I doubt that a bios flash will make that drive usable at that old
machine. And for these utilities... I don't like them too much. I have
used such a utility a very long time ago to bypass bios limitations. It
actually went in the bootsector to get loaded before anything else (like
the old evil masterbootrecord viruses ;-). It worked fine for some time
until I needed to reinstall my OS as it was broken. The OS replaced the
tool in the bootrecord and all my data stored at all partitions was gone
with that. There was no way to reinstall the tool without doing a full
preperation of the disk again whiping everything that existed there. In
business environments things like these are really the worst ideas one
can come up with.

However I might have a solution for you to try. First find out what the
max size limit is that box is natively supporting for hdds. Then get a
bunch of these and run them with http://www.freenas.org/ . You even can
build RAIDs with this (stripes and mirrors should be supported afaik),
however I haven't tried it out personally. Just a suggestion.

Holger

-----Original Message-----
From: DarkFoon [mailto:[EMAIL PROTECTED]
Sent: Friday, March 10, 2006 6:24 AM
To: discussion@pfsense.com
Subject: Re: [pfSense-discussion] pfSense merge with freebsd?


The "god box" is always a bad idea.
Yeah, I told him the "God Box" idea was a bad one. Figured I
should look
into it anyways. Right now his pfSense box is a Dell pentium
III 866Mhz
(same as the box I'm using right now to make this email) with 256Mb
SD-100 ram and 5 added in Nics (plus the integrated, for a
total of 6).
I had a similar box running a SAMBA domain server and it was
alright, so
I thought I'd try to combine the two. But I digress. The God
Box is out.
Got that.

As a matter of fact (this is probably a generic BSD question) he wants
me to do the impossible again: He has an old K6-2 box laying
around and
he wants me to put in a 300GB seagate drive to do a network
back up to.
I told him the tech is too old to support 300GB (its ATA/UDMA66 or
whatever; too many titles for the same thing)
But he read some tidbit on Seagate's site that a mobo BIOS flash or
using the seagate software will make it so the drive can be used, and
apparently that means I can do it (completely ignoring the
fact that the
hardware came years before even 100 GB drives) and I'm a
slacker for not
making it happen.
So the question is, if I jumper the drive to limit it to 32GB so the
darn computer will actually boot (the BIOS freezes detecting
the drive),
can I get FreeBSD to recognize all 300GB? I probably should check the
FreeBSD man pages, but being as ill as I am right now, I feel like
asking you guys first (ya'll seem nice enough ;) )

thanks for the help!
Anthony
(stupid flu!)

----- Original Message ----- From: "Andrew Burnette" <[EMAIL PROTECTED]>
To: <discussion@pfsense.com>
Sent: Thursday, March 09, 2006 6:49 PM
Subject: Re: [pfSense-discussion] pfSense merge with freebsd?


DarkFoon wrote:
I am curious if it is possible to "merge"-for want of a better
word-pfSense with a FreeBSD install.
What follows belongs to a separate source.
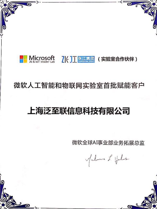 泛联科技通过微软的严格考核,成功入选微软人工智能和物联网实验室的合作赋能企业
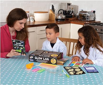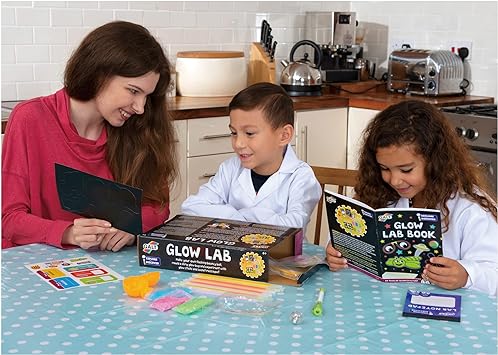 Comprend un livre de laboratoire en couleur de 24 pages avec 11 expériences amusantes

Why? Well, I have a
client who
wants to integrate everything into 1 box if possible. I
told him its
not
possible, but I wouldn't be doing my job if I didn't
check to see if
I
am wrong.
You could of course snag the pf rules out of a pfsense box
and put in
a
*bsd box if absolutely required.

The "god box" is always a bad idea. Generally does everything poorly
(think of what a fantastic pair of scissors are included in a swiss
army
knife).  I have very very large clients that think the same
of optical
long haul gear, routers, and switches and how they all belong in one
box. Invariably, they get burned by lousy functionality and cost
overruns. (yes, think US DoD...)

boxen sufficient for a pfsense firewall are $100 or so from many
sources
(I paid $109 on ebay for the first one, then $100 for a
rack mount job
that fit in my cabinet better).  Same size/capacity box
should do for
an
SMB server (sans Big Fantastic Disks of course).

if that's too much $$, then the client likely can't afford you ;-)
But,
isn't that what they pay you for in the first place?